# Perverting a contour integral

1. Mar 5, 2009

### ice109

so suppose i wanted to calculate the antiderivatives of $e^x\sin{x}$ and just for the hell of it also $e^x\cos{x}$. well i could perform integration by parts twice recognize that the original integral when it reappears, subtract from one side to the other blah blah blah.

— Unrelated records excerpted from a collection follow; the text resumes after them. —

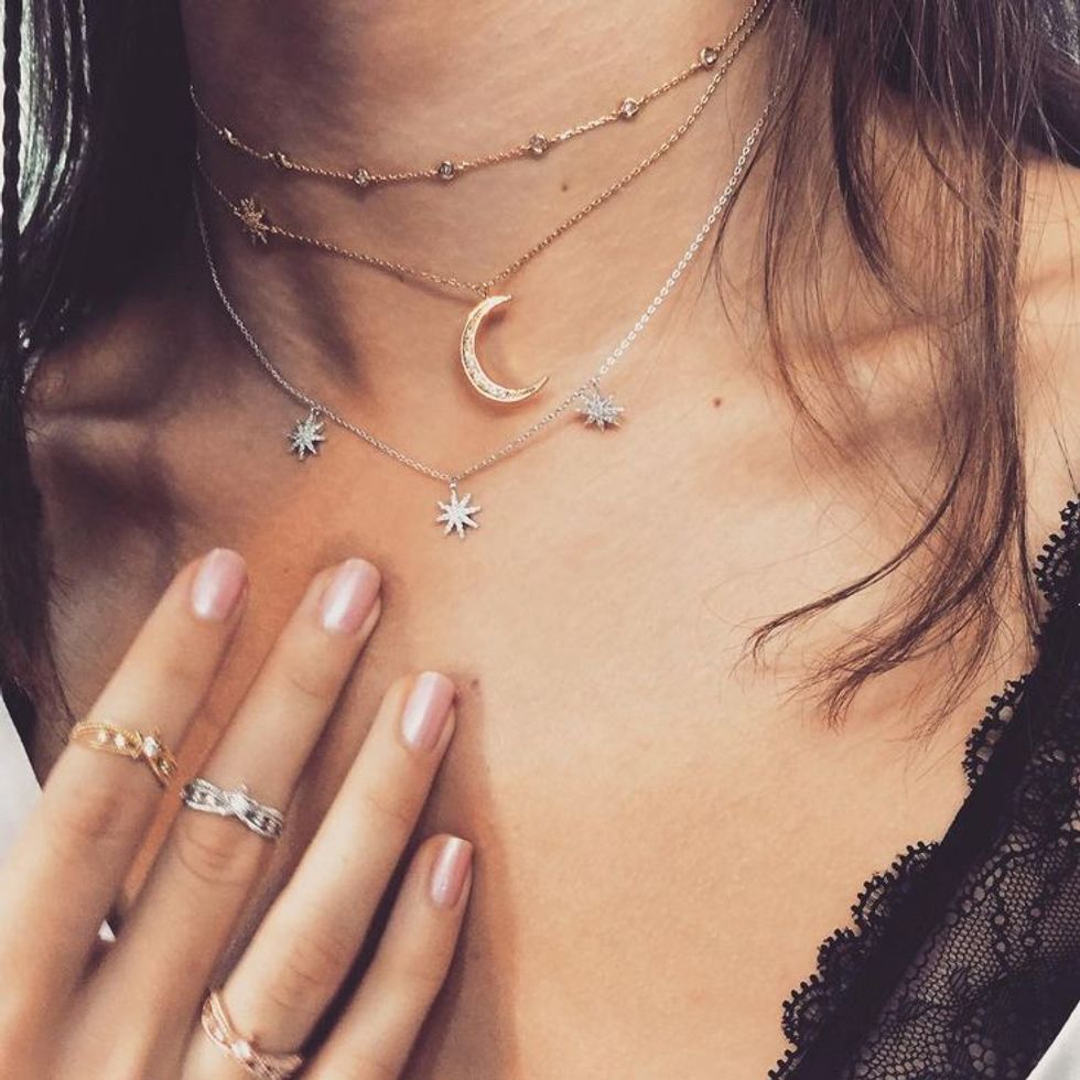 The fashion world has seemingly taken a step back from accessorizing with jewelry. A few layered necklaces are a simplistic way of adding detail to an outfit without taking away from the look. Here's ann added tip when deciding between gold and silver: gold tends to accent people with dark skin and yellow undertones while silver suits cooler complexions with rosy undertones.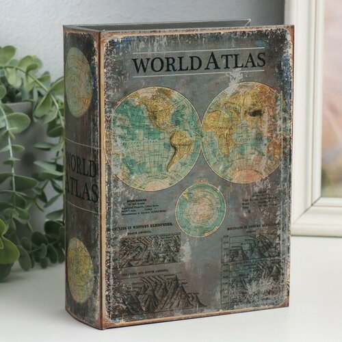 Шкатулка-книга дерево, кожзам "Атлас мира" 6х15х20 см 9809221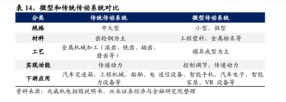 微型传动系统相较于传统传动系统具有“以塑代钢”特色。两者传动原理相同, 但传统传动系统主要起到传递动力作用,以合金钢为主要材料,齿轮生产工艺多 采用金属机加工的方式。而微型传动系统则主要起到控制调节、传递运动的作用, 主要使用工程塑料和金属粉末等材料,以模具成型工艺为主要生产方式。此外, 微型传动系统的设计开发、规模化生产装配与成本控制、微型齿轮模具设计与精 密加工、科学精密检测和试验等能力都是微型传动行业中的核心壁垒,与传统减 速机行业差别较大。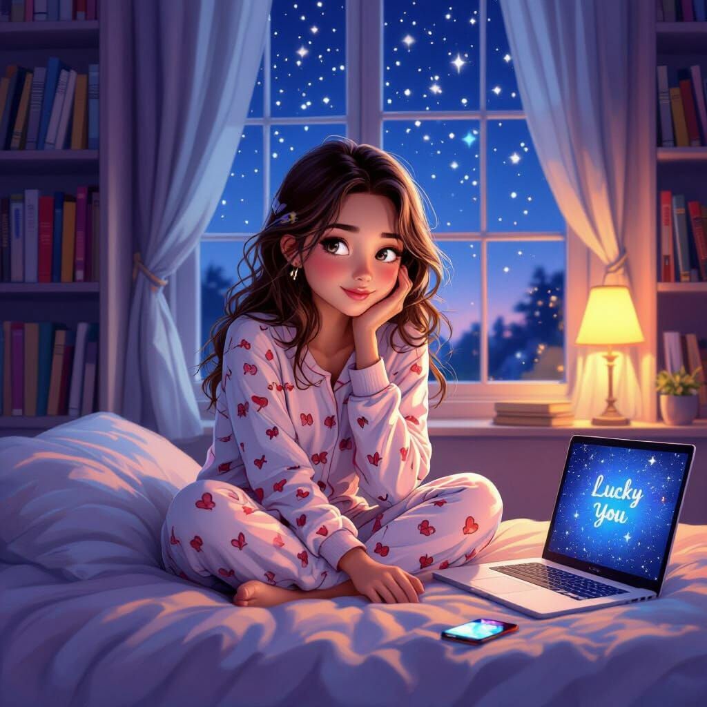 She sits quietly on her bed, pajamas soft and warm, the stars sparkling through her window as if whispering secrets. A laptop glowing ‘Lucky You,’ books stacked with untold adventures, and dreams drifting into the night sky. ✨ This dreamy world was imagined and brought to life by DreamFrame Studio 💫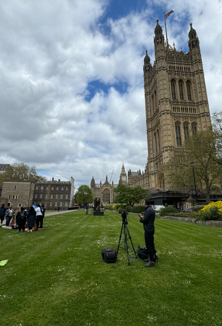 • Starting at Abingdon Street Gardens with Houses of Parliament in the background.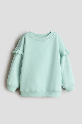 Top in lightweight sweatshirt fabric with a soft brushed inside. Round, rib-trimmed neckline, dropped shoulders with frills and long sleeves. Ribbed cuffs and hem.

or i could pervert a contour integral: i could integrate $e^z$ along the line in the $(1,i)$ direction:

$$e^{(1+i)x}=e^{x+ix}=e^x\cos{x}+ie^x\sin{x}$$

and leave off the limits

$$\int e^{(1+i)x}dx=\frac{1}{1+i}e^{(1+i)x}=\frac{1}{2}\left(e^x(\cos{x}+\sin{x})+ie^x(\sin{x}-\cos{x})\right)$$

and compare the real and imaginary parts of the integrand and the "antiderivative" and conclude:

$$\int e^x \cos{x} = \frac{1}{2}e^x(\cos{x}+\sin{x})$$
$$\int e^x \sin{x} = \frac{1}{2}e^x(\sin{x}-\cos{x})$$

which are of course the correct answers.

what i don't know is what an indefinite integral in the complex plane even is. i've only so far learned that i can use this "trick" to perform contour integrals <=> with end points, and then make conclusions about definite integrals of the real and imaginary parts of the integrand.

so how legit is this?

2. Mar 5, 2009

### lurflurf

That is convoluted.
let s be the antiderivative opperator
s*exp(x)cos(x)=Re[s*exp(x(1+i))]
s*exp(x)cos(x)=Im[s*exp(x(1+i))]
s*exp(x(1+i))=exp(x(1+i))/(1+i)

3. Mar 5, 2009

### ice109

and how do i know s commutes with Re and Im?

4. Mar 5, 2009

### HallsofIvy

Surly "perverted" is not the right word here!

5. Mar 5, 2009

### ice109

can one of you more knowledgeable people just tell me if this a legitimate technique?

6. Mar 5, 2009

### Ben Niehoff

It is legitimate for entire functions. There may be subtleties if a function has poles.

7. Mar 5, 2009

### dvs

A function f:R->C can be decomposed into its real and imaginary parts, say f=u+iv, where u=Re(f) and v=Im(f). The definition of the Riemann/Lebesgue integral of such a function is

$$\int f = \int u + i \int v.$$

The integrals $\int u$ and $\int v$ are just the usual real integrals.

Does this clear anything up for you?